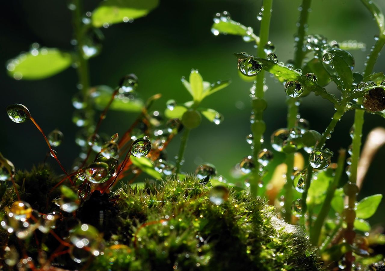 Похожие обои на Капли росы на молодой травке:
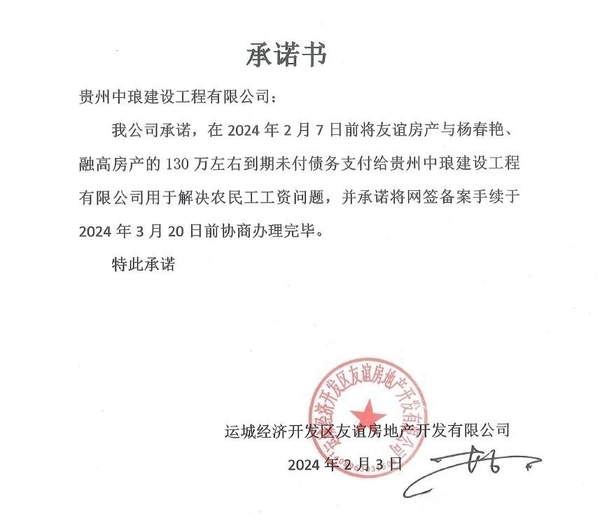 受访者提供资料“拖欠工资的事情,我们也很无奈。目前共拖欠工资300多万元,涉及160来名工人。”贵州中琅公司负责人李艳向中国工业报证实确实存在拖欠工资的问题。李艳介绍称,2023年7月16日,该公司与友谊房产公司签署施工合同,包工包料承建友谊公馆2号楼二次结构等工程。双方合同约定,工程款支付方式为以房抵工,折抵友谊公馆2号楼房产32套4109.32平方米,每平方米作价4500元,折合人民币18491940元。友谊房产公司按施工进度办理房产折抵手续,在开始施工2个月内办完所有相关手续。其间,友谊房产公司提出,该工程作为保交楼项目,要求缩短工期,经双方协商,计划竣工日期由2024年5月15日,提前至2023年12月31日。工程如期完工,薪资却没了着落。2024年1月,已临近春节,遭欠薪的农民工向贵州中琅、友谊房产公司讨要工资,并向运城经济技术开发区管委会等相关部门反映欠薪问题。“按照合同,友谊房产公司应在开始施工之后的2个月内办完房产抵项的所有相关手续。但房产抵顶手续一直无法正常办理,无法进行网签备案。房产无法网签就无法变现,资金积压在项目上,导致公司无力解决农民工工资问题。”李艳说。
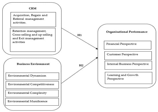 The framework incorporates customer relationship management and the business environment as two main constructs (Figure 1). With these, organisations could achieve sustainable competitive advantage and superior performance. Accordingly, it involves two hypotheses about the relationship between each construct and organisational performance.
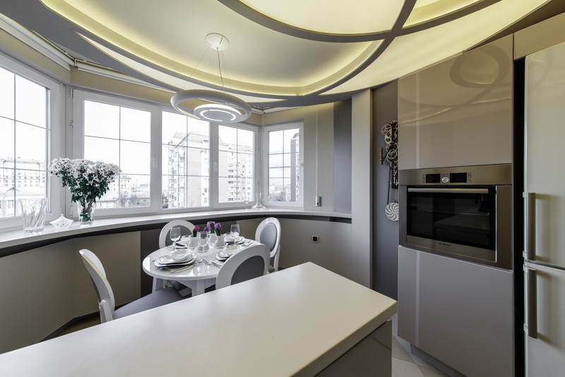 Baie vitrée - une corniche architecturale dans le mur, reliée à la pièce principale. Il y a un semi-circulaire, triangulaire, trapézoïdal, polygonal et ainsi de suite. Sa présence donne à l'appartement un maximum de lumière, mais il complique grandement la décoration de ce lieu. Le design à la mode moderne de la cuisine avec une baie vitrée est décrit en détail dans le texte de l'article.
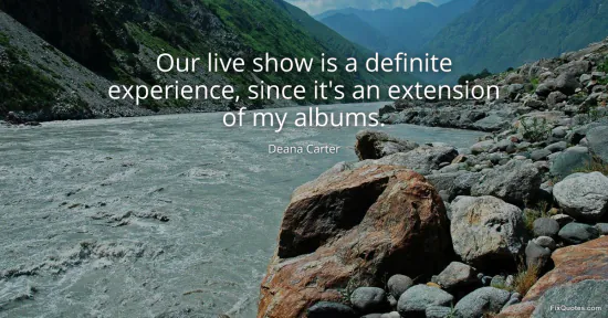 Carter, Deana. (2026, January 16). Our live show is a definite experience, since it's an extension of my albums. FixQuotes. https://fixquotes.com/quotes/our-live-show-is-a-definite-experience-since-its-111274/
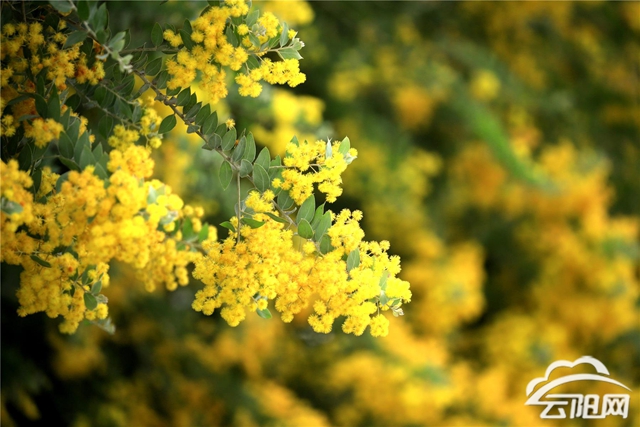 无数个毛茸茸的黄色小花球缀满枝头
##############################
Task objective:
Output only the lines running from the top of the data above to the line with "The framework incorporates", inclusive, word for word and without pictures.

Solution to this problem:
 Похожие обои на Капли росы на молодой травке:
 受访者提供资料“拖欠工资的事情,我们也很无奈。目前共拖欠工资300多万元,涉及160来名工人。”贵州中琅公司负责人李艳向中国工业报证实确实存在拖欠工资的问题。李艳介绍称,2023年7月16日,该公司与友谊房产公司签署施工合同,包工包料承建友谊公馆2号楼二次结构等工程。双方合同约定,工程款支付方式为以房抵工,折抵友谊公馆2号楼房产32套4109.32平方米,每平方米作价4500元,折合人民币18491940元。友谊房产公司按施工进度办理房产折抵手续,在开始施工2个月内办完所有相关手续。其间,友谊房产公司提出,该工程作为保交楼项目,要求缩短工期,经双方协商,计划竣工日期由2024年5月15日,提前至2023年12月31日。工程如期完工,薪资却没了着落。2024年1月,已临近春节,遭欠薪的农民工向贵州中琅、友谊房产公司讨要工资,并向运城经济技术开发区管委会等相关部门反映欠薪问题。“按照合同,友谊房产公司应在开始施工之后的2个月内办完房产抵项的所有相关手续。但房产抵顶手续一直无法正常办理,无法进行网签备案。房产无法网签就无法变现,资金积压在项目上,导致公司无力解决农民工工资问题。”李艳说。
 The framework incorporates customer relationship management and the business environment as two main constructs (Figure 1). With these, organisations could achieve sustainable competitive advantage and superior performance. Accordingly, it involves two hypotheses about the relationship between each construct and organisational performance.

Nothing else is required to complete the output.